(no subject)

Dec 09, 2006 12:07



Today is full of nostolgia. Driving home from Tarus', I was overcome by thoughts. I'm always losing myself to memories, what could have been, what should have been. What brought on this onslaught of sadness? Christina's song, Hurt.

What would I say if I could see them again? What would I possibly say to explain why I didn't go? I don't know why I still berate myself for it. Seven years, and I still feel like scum. They lay in their death beds, and I never went to see them. How horrible was I? I loved them so much, and when they needed me, I wasn't there. Every year around this time, I get like this.

Our family isn't what it used to be. They were our glue. They made the holidays. I don't feel the joy. I haven't felt it in a long time. Dad says I'm just a cranky miserable person. Isn't that something great to hear from your own father? I know I have plenty to be happy for, but I just don't feel it. They say the holidays are for families. What the hell?

I alienated myself from both sides. Why? Beats me. I know I don't help matters any, but... Is it fucked up to say that it's easier to not be close with them?

What am I saying? How fucked up am I? Of course it's fucked up. I make no sense what so ever.

If thats the case.

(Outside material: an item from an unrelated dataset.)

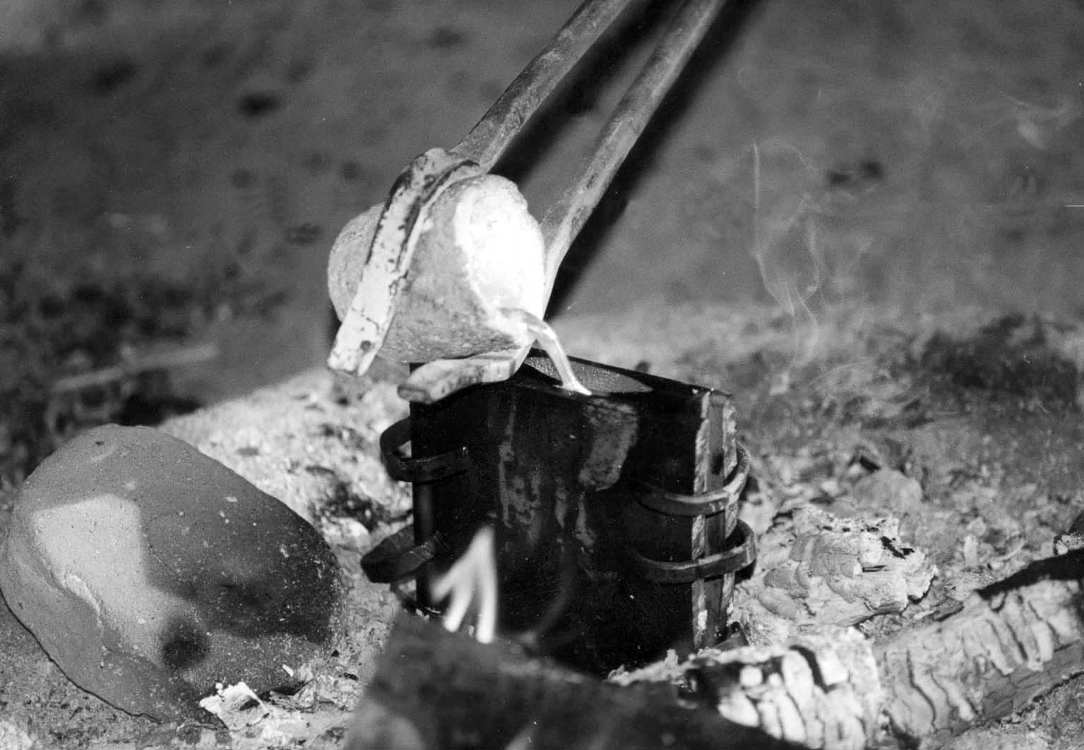 In Wilhelminaoord, there was the possibility to carry out the above discussed experiment. The mould was made in the following manner. Three square iron rods were placed between two thick iron plates with eight iron cramps. To minimise the silver needed for the experiment, the rods were not quite as thick as Cellini would have demanded. The actual diameter was 5 mm. This mould was painted with fluid clay to prevent the silver from seeping through (using a brush of wool bound with grass in a feather socket to stay in the historical context). A tiny crucible was prepared from grey clay, meagred with loam and a handful of pieces of wool according to the instuctions of Biringuccio (Price 1959, 219). This crucible was fired, and after cooling down was rubbed with olive oil. The piece of linen sheet was soaked in the oil as well. A little bit of clay was flattened and this was put on the crucible to keep the charco¬al out and the heat in the crucible. This lid was not treated with oil.

Why don't I want to see them? Why do I find it so hard to go and visit? Either side? Why do I get so nervous I feel sick to my stomach, just driving toward their houses? I haven't done anything bad, I haven't become some sort of criminal, drug addict, suicidal freak... So why is it hard for me to go? Why? I don't understand it.

Cancer's are supposed to be so family oriented. Why is the only family I feel close to, is my mom? What is it in my brain that says, Evette, only cling to your mom. Blame everything on your dad. Your mom is your savior? Why do I still harbor such hatred to the man who helped create me? He's an asshole at times. A very hard man to please. Someone who always compares me to him. 23 years, and I should know this. Why do I still feel so threatened by him? Afraid?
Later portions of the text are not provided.